Bearing in mind how the EU works and that it must balance the interests of 27 member states, the fact that Taiwan is on its agenda is worth appreciating. The European Parliament’s role in popularising the Taiwan issue cannot be overestimated. The EU should promptly move towards popularising existing platforms for cooperation with Taiwan, such as those on industrial, digital and high-tech topics. Although it remains to be seen whether the EP will adopt the Foreign Affairs Committee’s report and, if so, how the Commission respond, this document should be treated as a toolbox of various granular actions that could be implemented when possible. The EU should also improve its PR skills and publicise its activities related to Taiwan. Perception matters. The CEE, for its part, should leverage the well-publicised steps already taken to build a Taiwan-friendly atmosphere and perception among Europeans, and form a coalition to pressure the EU’s executive institutions to focus on developing more granular steps towards the EU’s new Taiwan policy.

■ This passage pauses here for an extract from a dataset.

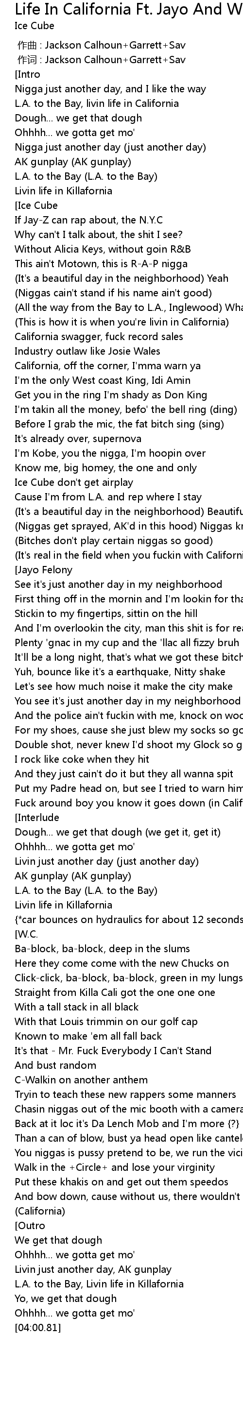 | [02:18.75] | Fuck around boy you know it goes down (in California) |
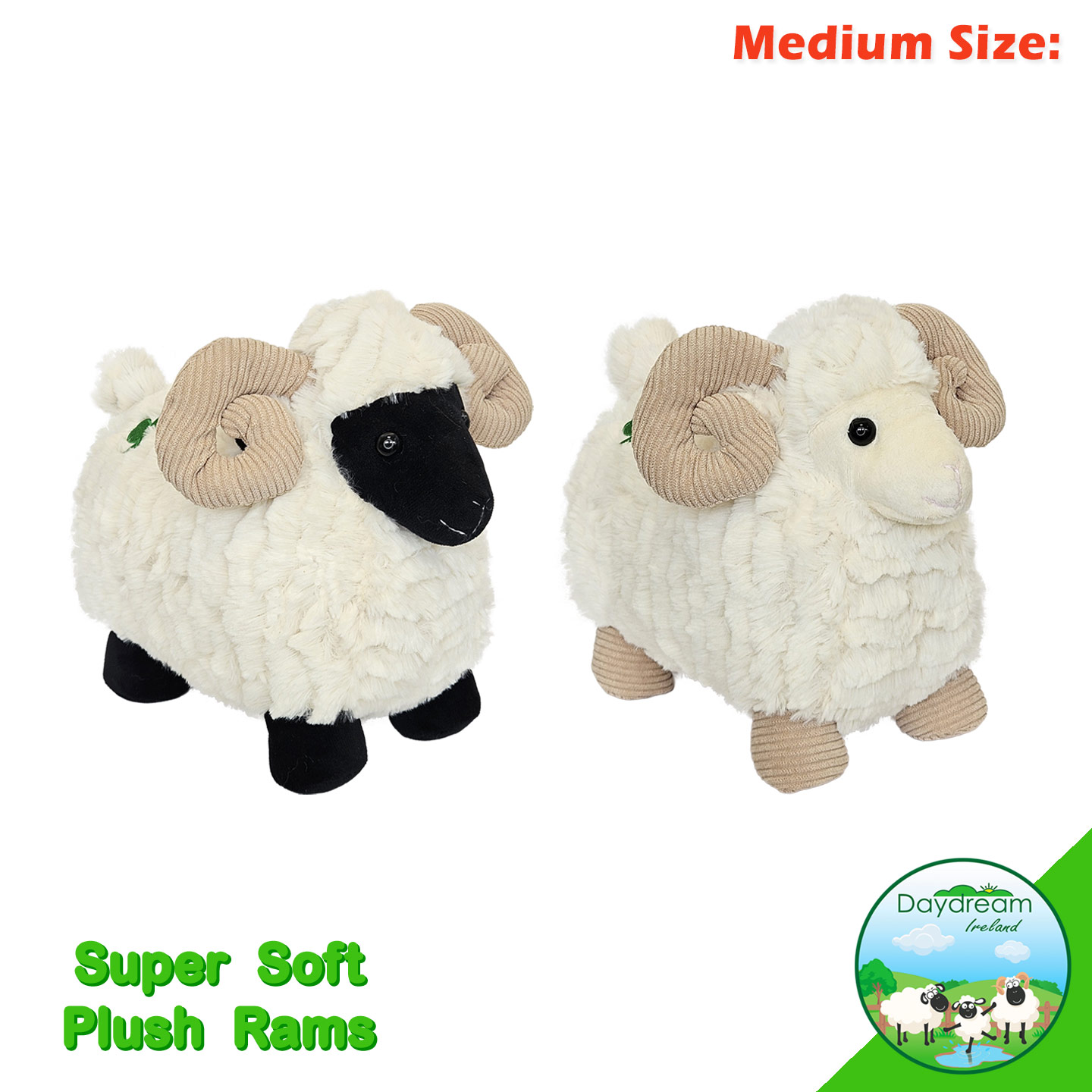 Plush super soft fur standing Ram. Comes with corduroy horns and feet, with a shamrock motif on the side.

The EU needs an innovative and sophisticated approach towards Taiwan. Focusing on a sectoral approach (e.g., in the case of a BIA) or smaller but concrete actions (e.g., the extension of cooperation to new areas such as the legal dimension, emerging technologies, addressing disinformation) with an explicit reference to Taiwan would be good first steps towards building a consensus among member states. The One-China policy is not a God-given approach with strictly defined and unshakable boundaries. Europe must seize the initiative to be innovative and flexibly manoeuvre within the limits of this notion.

DISCLAIMER: All views expressed are those of the writer and do not necessarily represent that of the 9DASHLINE.com platform.